Plotly without Dash
While Plotly’s Dash looks like a great project for getting data visualization dashboards up and running quickly, it may not always be the best option, especially for dashboards that over time evolve into complex apps.
So I’ve been looking into harnessing the power of Plotly’s excellent graphing tools, while running technologies that can grow with the app. This post will be somewhat of a note-to-self, to keep track of the viable options for utilizing Plotly on standard technology stacks.
Flask + Plotly Express
Plotly Express is a high level Python wrapper for Plotly.py.
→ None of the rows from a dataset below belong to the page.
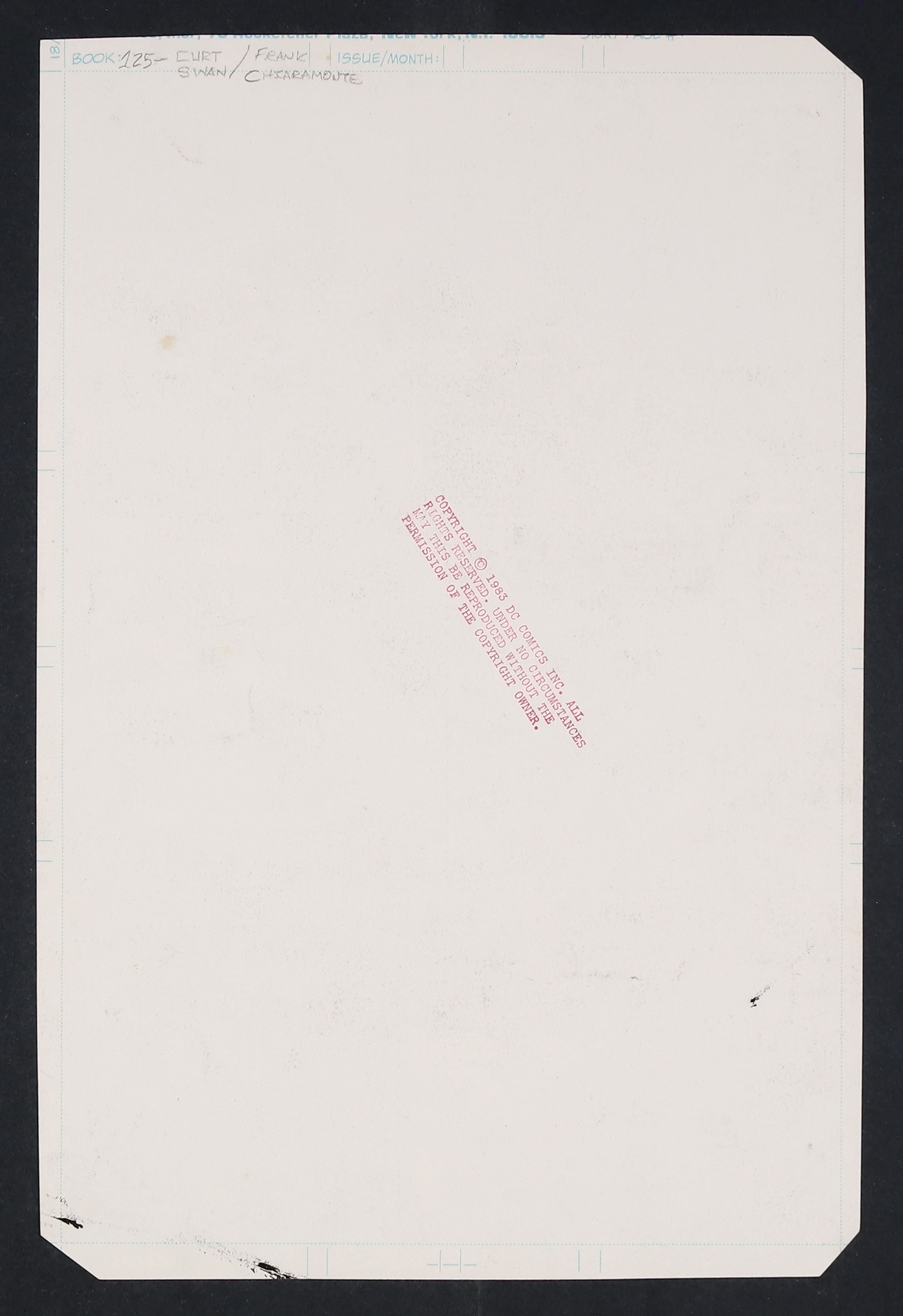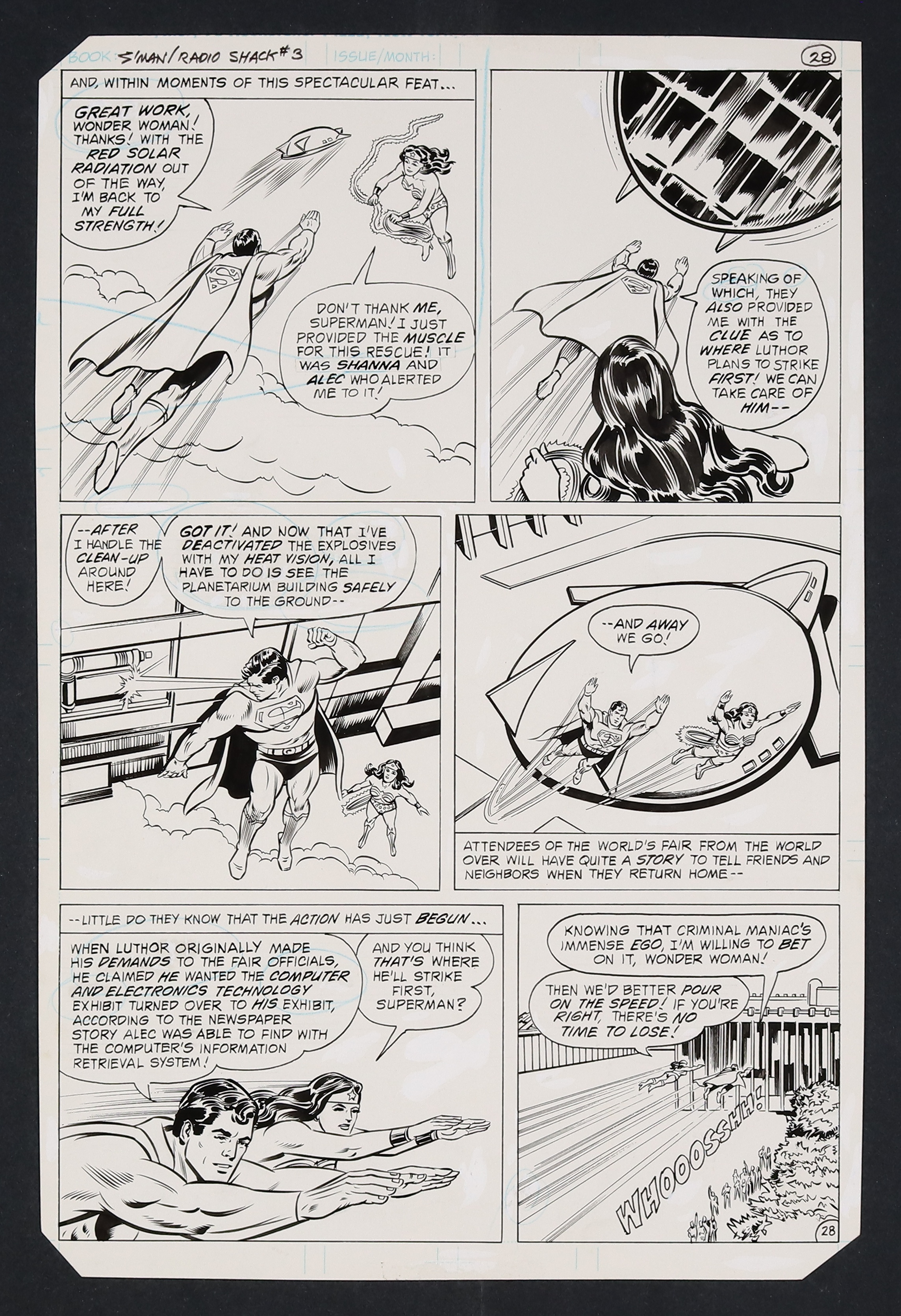 The World's Fair has come to Metropolis and of course, trouble abounds! Lex Luthor, furious about being rejected from the fair, traps Superman in the planetarium which he's rigged up with red sun generators to trap the Man of Steel. Thankfully Superman is able to contact Wonder Woman for help (through the Computer Whiz Kids!) who arrives to just pick up the entire building with her lasso! A great page from legendary Superman artist Swan and his regular inker at the time Chiaramonte. Pencil and ink on comic art board. 10 1/2" x 16".
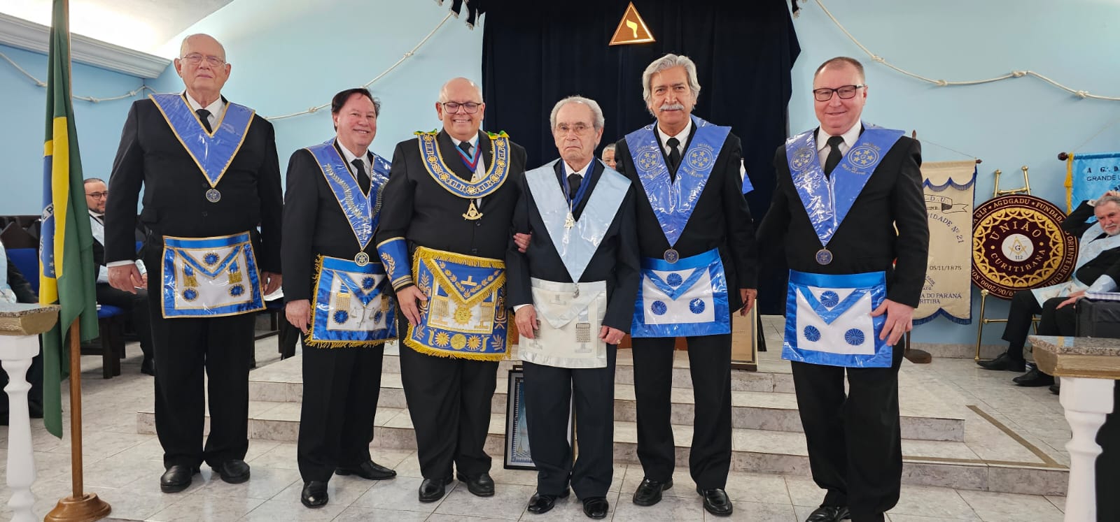 O Sereníssimo Grão-Mestre da Grande Loja do Paraná, Irmão Marco Antônio Corrêa de Sá, realizou a entrega da Comenda Gralha Azul, a mais alta honraria da GLP ao Irmão Walter Coelho Queiroz, obreiro da ARLS Apóstolo da Caridade Nº21, por seus mais de 50 anos de dedicação à Ordem.
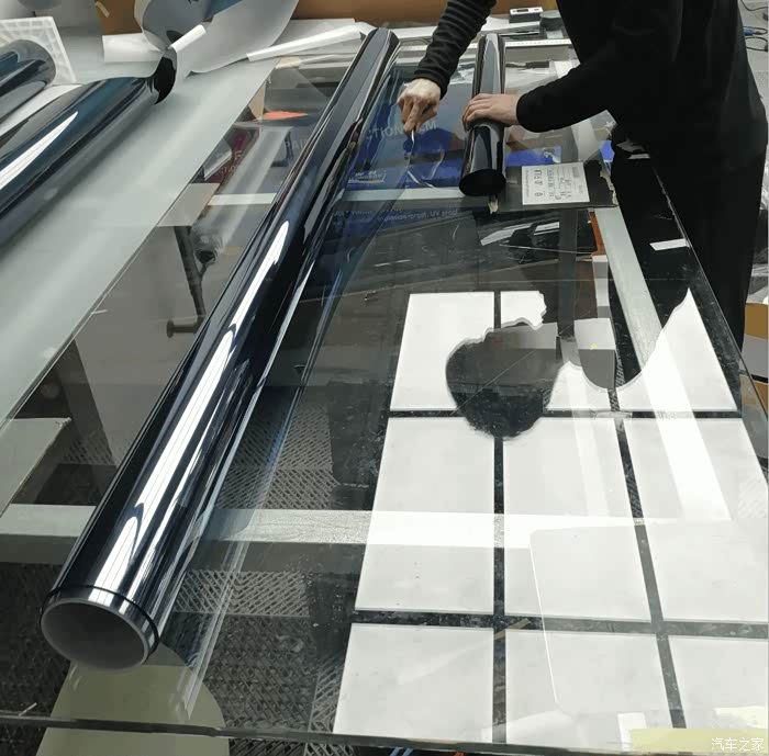 贴车窗,原来是靠清洁水来贴合的,刮平是关键!
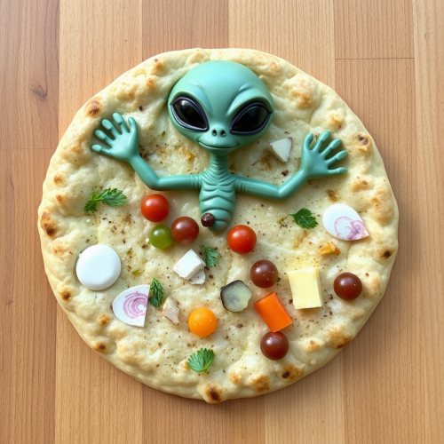 alien playing guitar by a campfire, the campfire and alien are floating through space, there is a planet in the background is a peach. style of Hayao miyazaki

Using nothing but Python, HTML and CSS, we can generate websites with graphs generated by Plotly.
First, install Flask, and install the dependencies we’ll need: pip3 install flask plotly
. Next, create the folder /templates
, and add a file graph.html
with this content:
<html>
<head>
<script src="https://cdn.plot.ly/plotly-latest.min.js"></script>
</head>
<body>
<h1>Plotly Demo</h1>
{% block content %}
{{plot | safe }}
{% endblock %}
</body>
</html>
Next, make sure your app looks something like this:
from flask import Flask, render_template
import plotly.express as px
app = Flask(__name__)
@app.route("/")
def express():
df = px.data.iris()
fig = px.scatter(df, x="sepal_width", y="sepal_length", color="species")
plot_as_string = plotly.offline.plot(fig, include_plotlyjs=False, output_type='div')
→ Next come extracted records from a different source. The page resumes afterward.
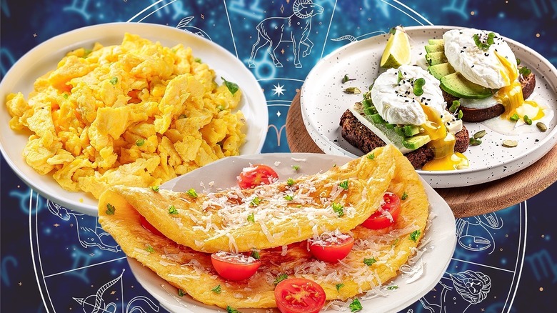 Zodiac signs are about as ubiquitous to society as eggs are for breakfast — and, although there are some fabulous egg substitutes out there, there's no escaping either. From your dating profile to office luncheons, you're bound to be asked what your sign is at any given time of day, and you better be prepared to be slightly judged for it. Your eggs, on the other hand, are usually reserved for the mornings, if not brunch. They're also a fairly judgment-free topic, as long as they're also antibiotic and cage-free. At the end of the day, an egg is an egg, no matter how you crack it. But why not try eating them based on your zodiac sign, just for fun?
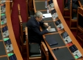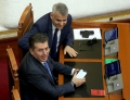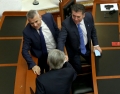 MP Vangjel Dule and Fatmir Mediu during a parliamentary session, in which the request of 35 opposition MPs for the establishment of an investigative commission to verify the procedures on the Port of Durres project was rejected and MP Shkelqim Bullari was sworn in.
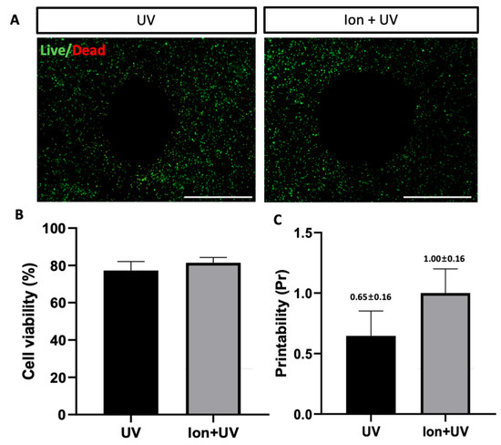 Figure 8. Cell viability of 3D-bioprinted hMSCs. (A) Fluorescence micrograph of Live/Dead assay for printed fiber. Bioink composition was 10:2:2:2 (GelMA:alginate:CMC:XG) and cross-linking conditions were UV and ion + UV. (B) Cell viability results of 3D-encapsulated cell in printed fiber (UV vs. ion + UV). (C) Printability (Pr) of printed fiber after 24 h (scale bar = 100×, 200 μm).
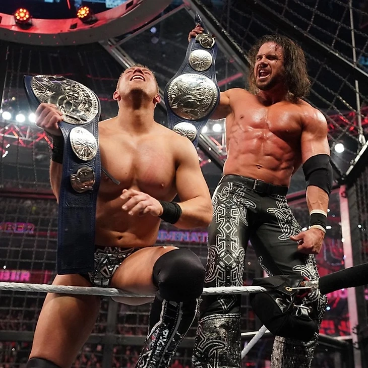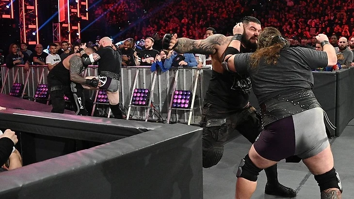 Перед выходом на бой чемпионы толкнули небольшое промо о том, как они заряжены на борьбу и want the smoke. Кстати, и тут чемпионы выходили раньше претендентов. Во время выхода Роллинса и Мерфи я понял, что если бы у Сета была борода по длинней издалека он был бы чем-то похож на Джея Уайта. АоР и Мерфи еще до матча осмотрели все вокруг ринга на наличие Кевина Оуэнса где-то рядом. Докинс и Роллинс начали бой. Фанаты встали на сторону чемионов. Сет не торопился разгонять матч, а потом и вовсе передал право ведения боя Бадди. Классическая back and forth работа от рестлеров, и Анджело срубил оппонента шоулдер тэклом, передав право ведения боя Форду. Какое-то время Street Profits часто меняли друг друга в ринге, атакуя руку австралийца, но в итоге тот отвесил Монтезу панч и вернул в ринг Роллинса. Чемпион же достаточно быстро отбился, провел армдрэг, но «Мессия» провел ему панч, вернул в матч Бадди… и тот попал под армдрэг, затем под еще один. Тэг Доукинсу, командная работа. Сет попытался помешать — и тоже получил командный оверхэд тосс. Затем еще и двойной дропкик претендентам достался. Австралийца вернули в ринг, но он покинул его пределы, чтобы передохнуть, а по пути обратно передал «слепой» тэг Сету, и тот атаковал Анджело чоп блоком. Какое-то время претенденты контролировали ход матча, но недолго, Докинс отправил Бадди за пределы ринга и передал право ведения боя Форду. Тот стал уничтожать Мерфи, была парочка немного корявых моментов, и DDT в исполнении чемпиона. Отправив Роллинса за пределы ринга, он добавил австралийцу стэндинг мунсолт, однако до 2. Мерфи укатился за пределы ринга, и оба претендента получили дайв. Бадди был возвращен в четырехугольник, но Сет отвлек рефери, позволив АоР атаковать Форда. И тут заиграла музыкальная тема Viking Raiders: Эрик и Айвар пришли по душу Эйкэма и Резара. В танго броулинга два тандема ушли за кулисы, а шансы были уравнены.
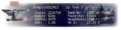 | Headshots | 1244 | Suicides | 167 | Headshot / Kill | 19.93 % |
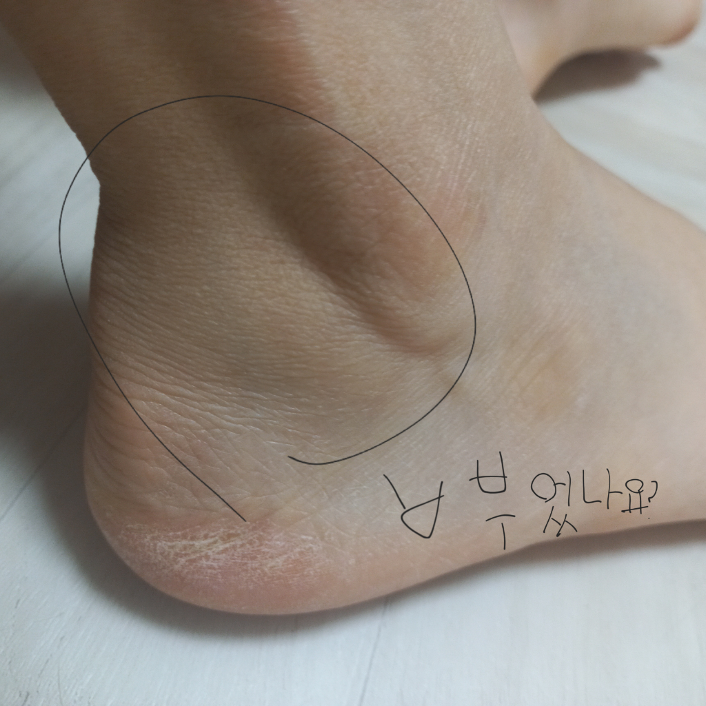 오른쪽 발목이 아파요 근데 엄마가 만져보긴에는 부었다고 하는데 사진상으로 부었나요? 멍든 것 처럼 걸으면 아프요 그리고 여기도 아파요
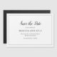 Imã salve a data moderna em preto e branco minimalista com os detalhes do evento cercados por uma fronteira. A fonte e a borda podem ser alteradas para qualquer cor desejada clicando no botão "personalizar". Uma simples Imã salve a data não fotográfica para um casal que deseja Salvar a Data sem fotos.
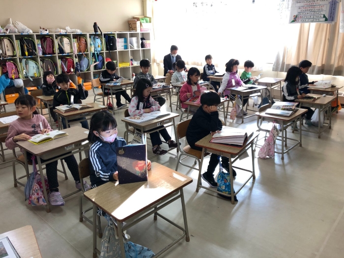 各担任の先生もはいつも教室で子ども達と一緒に読書していますが、たっぷり読書月間の11月は、校長先生、教頭先生も校長室、職員室をとびだして、各教室にお邪魔し、子ども達と一緒に「朝読書」を楽しんでいます。
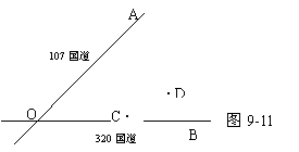 如图9-11,107国道OA和国道OB在我市相交于O点,在∠AOB的内部有工厂C和D,现要修建一个货站P,使P到OA、OB的距离相等且PC=PD,用尺规作货站P的位置(不写作法,保留作图痕迹,写出结论).
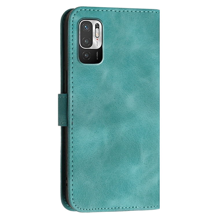 Funda de Cuero con Tapa y Cordón para Redmi 10 Yx0080 con Diseño En Relieve de Mariposa y Cuadrícula (Azul Claro)
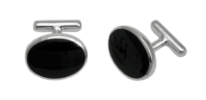 Cufflinks Oval Shape Black Onyx Design English Sterling Silver. SKU #: CU436.
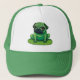 Carlin vert mignon ressemblant à une grenouille assise sur un lilipad. La couleur Arrière - plan peut être modifiée.

return render_template("graph.html", plot=plot_as_string)
Type FLASK_APP=app flask run
to run the app, and visit http://localhost:5000 in your favorite web browser. Congratulations! You now have a simple, lightweight Python based server that renders beautiful Plotly graphs.
REST API + React + Plotly
Next, we’ll take a look at a building the user interface in React.
Backend
Our backend will consist of a REST API served by Flask. Setup:
mkdir backend
cd backend
python3 -m venv env
source env/bin/activate
pip install flask pandas flask-cors
Create the file backend/api.py
, and fill it with this content:
from flask import Flask
import pandas as pd
import json
from flask_cors import CORS, cross_origin
app = Flask(__name__)
cors = CORS(app)
app.config['CORS_HEADERS'] = 'Content-Type'
@app.route("/")
@cross_origin()
def our_first_graph():
data = [
{
"x": [1, 2, 3],
"y": [2, 6, 0],
"type": 'scatter',
"mode": 'lines+markers',
"marker": {"color": 'red'},
},
{"type": 'bar', "x": [1, 2, 3], "y": [2, 5, 3]},
]
data_as_json = json.dumps(data)
return data_as_json
Now, start the server: FLASK_APP=api flask run
.
Frontend
The frontend will be a standard React application. Setup:
mkdir frontend; cd frontend
npm install react-plotly.js plotly.js axios
npx create-react-app gui
Run cd gui/src
. Create the folder utils, and add API.js
:
import axios from "axios";
export default axios.create({
baseURL: "http://localhost:5000/",
responseType: "json"
});
Create the file Graph.js
:
import React, {useState, useEffect} from 'react';
import Plot from 'react-plotly.js';
import api from './utils/api';
export default function Graph() {
const [dataFromApi, setDataFromApi] = useState([]);
useEffect(() => {
async function fetchData() {
let userData = await api.get('/')
setDataFromApi(userData.data)
}
fetchData();
}, []);
return (
<Plot
data={dataFromApi}
layout={ {width: 320, height: 240, title: 'A Fancy Plot'} }
/>
);
}
Adjust App.js
to look something like this:
import './App.css';
import Graph from './Graph';
function App() {
return (
<div className="App">
<header className="App-header">
<Graph />
</header>
</div>
);
}
export default App;
Now, start the server like this: BROWSER=none npm start
. Open http://localhost:3000 in a browser, and see the result.
Final thoughts
We’ve looked at two – of many – approaches to building apps that use Plotly’s excellent libraries to visualize data. The two approaches both has their pros and cons. Using Plotly Express, we bundle both backend and frontend into a single server, which makes deployment quite a lot simpler.
On the other hand, separating the backend and frontend like we did with REST API + React, we it’s easier to grow, add or even replace either the frontend or backend. The downside though is a more complex setup with more moving parts and somewhat more difficult deployment.